TOML and JSON Conversion Guide

JSON(Updated Jun 3, 2026)

Introduction to TOML

TOML (Tom's Obvious Minimal Language) is a format designed specifically for configuration files, created by GitHub co-founder Tom Preston-Werner. Its goals are:

  • Human-readable with clear semantics
  • Unambiguously mappable to a hash table
  • Simpler than YAML, friendlier than JSON

Basic Syntax

title = "TOML Example"

[owner]
name = "Alice"
email = "alice@example.com"

[database]
host = "127.0.0.1"
port = 5432
enabled = true

TOML vs JSON vs YAML Comparison

Feature TOML JSON YAML
Comments Supports # No Supports #
Date type Native No No
Multiline strings Yes No Yes
Complexity Low Medium High
Parse ambiguity None None Yes
Primary use Config files Data exchange Config files

Converting with TOML↔JSON Tool

Step 1: Choose Conversion Direction

Open TOML↔JSON Tool and select either "TOML → JSON" or "JSON → TOML".

Step 2: Input Data

Paste TOML or JSON content into the input area. Direct file upload is also supported.

Step 3: Convert

Click the convert button. Results appear instantly in the output area.

Step 4: Copy or Download

Copy the conversion result with one click, or download as the corresponding format file.

TOML to JSON Mapping Rules

Basic Types

string = "hello"
integer = 42
float = 3.14
boolean = true

Converted to JSON:

{
  "string": "hello",
  "integer": 42,
  "float": 3.14,
  "boolean": true
}

Table → Object

[server]
host = "localhost"
port = 8080

Converted to JSON:

{
  "server": {
    "host": "localhost",
    "port": 8080
  }
}

Arrays

ports = [8000, 8001, 8002]

Datetime

TOML natively supports date types. When converted to JSON, they become strings:

created = 2026-06-01T10:00:00Z

"created": "2026-06-01T10:00:00Z"

JSON to TOML Considerations

  • JSON null has no TOML equivalent — requires special handling during conversion
  • Mixed-type arrays in JSON are invalid in TOML
  • Nested JSON objects become TOML tables
  • Review comments and formatting after conversion to ensure they meet your needs

Common Use Cases

Rust Projects: Cargo.toml

[package]
name = "my-app"
version = "0.1.0"
edition = "2021"

[dependencies]
serde = "1.0"
tokio = { version = "1", features = ["full"] }

When modifying dependency versions, convert to JSON with TOML↔JSON Tool for programmatic processing, then convert back.

Python Projects: pyproject.toml

[project]
name = "my-package"
version = "1.0.0"
requires-python = ">=3.8"

[project.dependencies]
requests = "^2.28"
flask = "^2.3"

Static Site Configuration

Static site generators like Hugo and Zola use TOML as their config format, often requiring conversion to and from JSON.

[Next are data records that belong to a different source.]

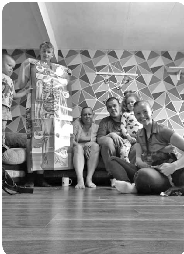
Kopbildes ar ģimenēm, kuras tika apciemotas, lai pārdotu izglītojošo literatūru.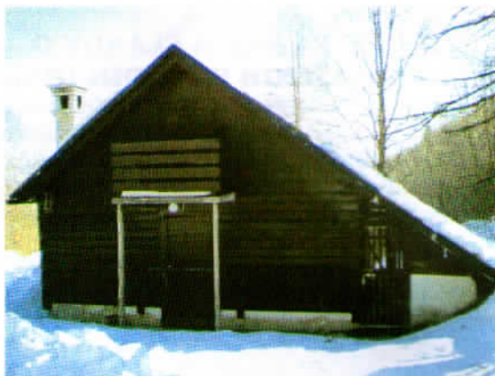
Prva lovška koča na naši poti proti vrhu.

Po okrepčilu smo še bolj pogumno premagovali zasneženo pot. Ko smo ravno menili, da smo tokrat na poti popolnoma sami, nam je nasproti prišel planinec domačin, ki je omenil, da gre v dolino, kamor je povabljen na kosilo, nato pa se bo vrnil na planino. Kar zavidali smo mu, da ima toliko moči.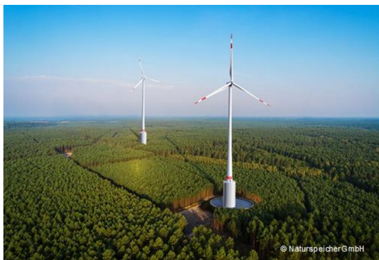
Bildunterschrift 2: Mit dem Naturstromspeicher entsteht aus einem Windenergiepark ein äußerst vielseitiges Kraftwerk.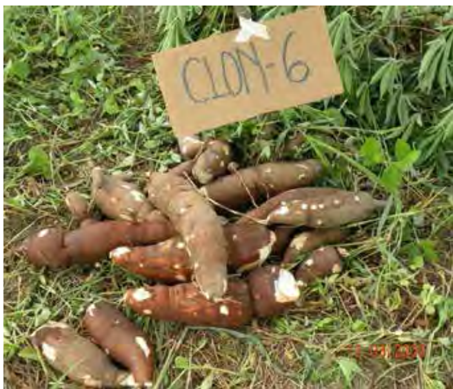
Foto 5. Clon 6.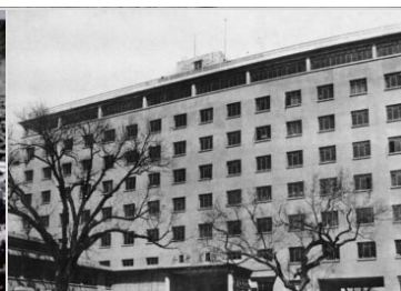
Il Peace Hotel a Pechino (1953)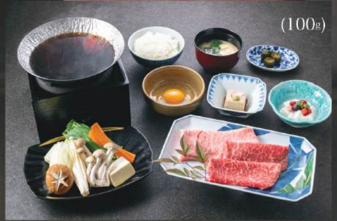
和牛すき焼き 定食 450円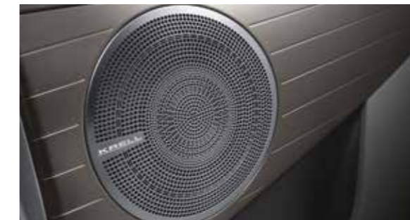
KRELL premium sound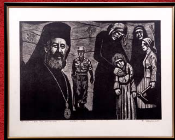
Κ. Αβερκίου, Δεν θα ενδώσουμε , 1976, χαρακτικό 19/50 K. Averkiou, We will not give up , 1976, engraving 19/50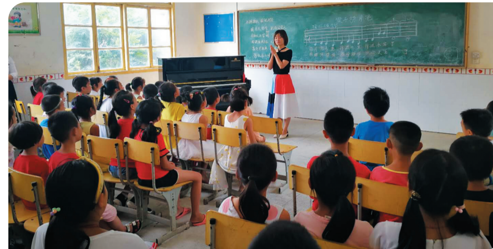
▲志愿者为山村孩子带来了他们的第一节钢琴课

“把手臂打开……跟着节奏……一起动起来!”随着市舞蹈家协会指导老师的口令,市民们在开阔的场地内翩翩起舞。这是5月23日正式启动的“健康动起来”舞蹈进社区公益培训活动的现场。 接下来的几个月,市舞蹈协将组织100多名文艺志愿者,深入全市40多个机关、企业、扶贫点,为上万名市民群众提供320场以上的健康舞蹈公益培训。这已经是市舞蹈协连续第7年开展舞蹈进社区文艺志愿服务了,所以文艺志愿服务在株洲早已蔚然成风。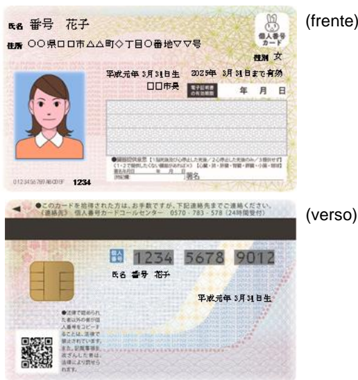
[Cartão com o Número Individual ( Kojin Bangō Card )]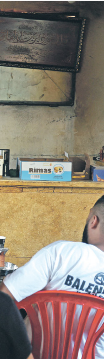
لبلاتيون يسلمون خطاب نصر الله في صيدا أمس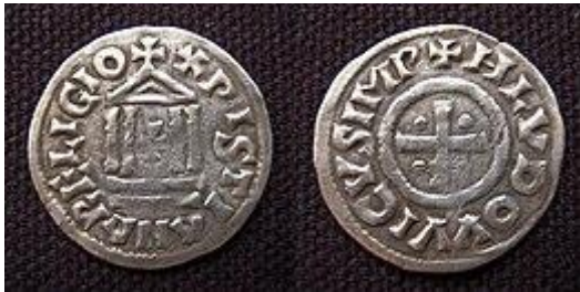
Karolingische penning of denarius, zilver, Lodewijk de Vrome, z.j. (813–840).

De herkomst van het woord penning is duister, afgezien van het algemeen Germaanse achtervoegsel -ing (vergelijk schelling).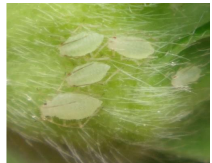
Foyer de pucerons – Photo CA30

On observe toujours des attaques de pucerons de manière généralisée en particulier en culture biologique, ou de manière plus localisée avec la présence d'individus aptères et d'individus ailés...qui peuvent se propager rapidement dans les cultures. Nous voyons de manière plus régulière des auxiliaires indigènes comme des larves de syrphes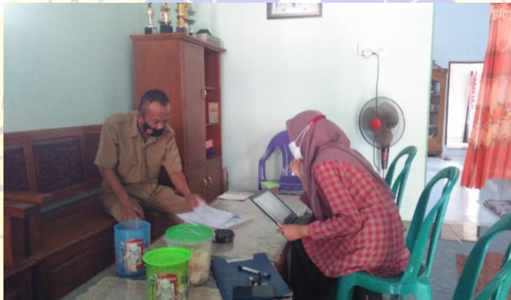
4. Pengujian eksternal dengan operator Desa Kecil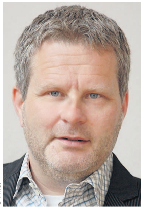
Claus Hulverscheidt »Süddeutsche Zeitung«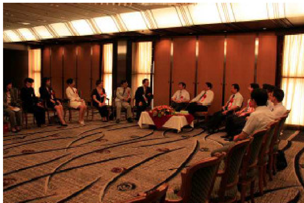
南京市杨卫泽书记会见科盟负责人及旅日各界精英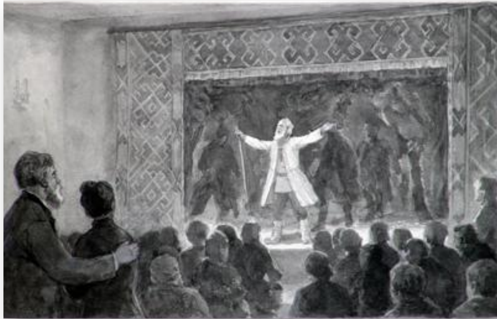
Сизов П. В. «Иван Сусанин» на сцене Симбирской чувашской школы. 1986 г.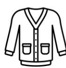
【カーディガン】 (白・紺)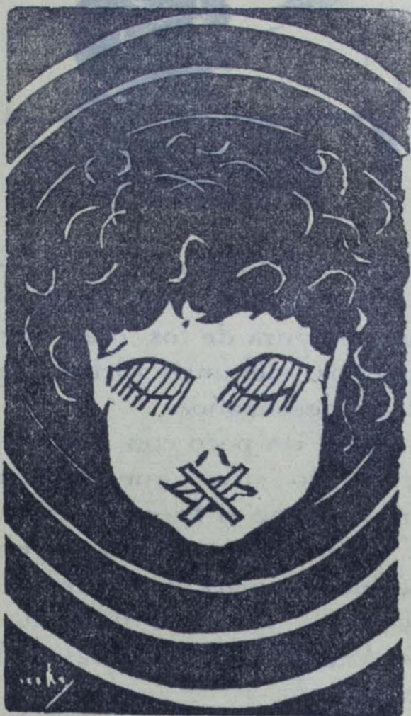
Grabado: Ilustración de Ricardo Contreras

(De "La Voz New York", Friday, march 4 the 1938.)

Interoperability with Other Formats

  1. TOML ↔ YAML: First convert to JSON with TOML↔JSON Tool, then to YAML with YAML↔JSON Tool
  2. Validate intermediate results with JSON Formatter
  3. Preserve original TOML comments and manually add them back after conversion

Common Errors

Error Cause Solution
TOML parse failure Syntax error Check table headers and key-value format
Datetime format issue Missing timezone Use complete ISO 8601 format
null cannot convert TOML has no null Use empty string or remove the field
Inline table format error Non-standard syntax Use standard table format instead

Summary

TOML is an excellent choice for modern configuration files, and conversion to/from JSON is very practical for project config management. TOML↔JSON Tool enables quick format conversion, and combined with the YAML↔JSON tool, you can freely switch between all three formats.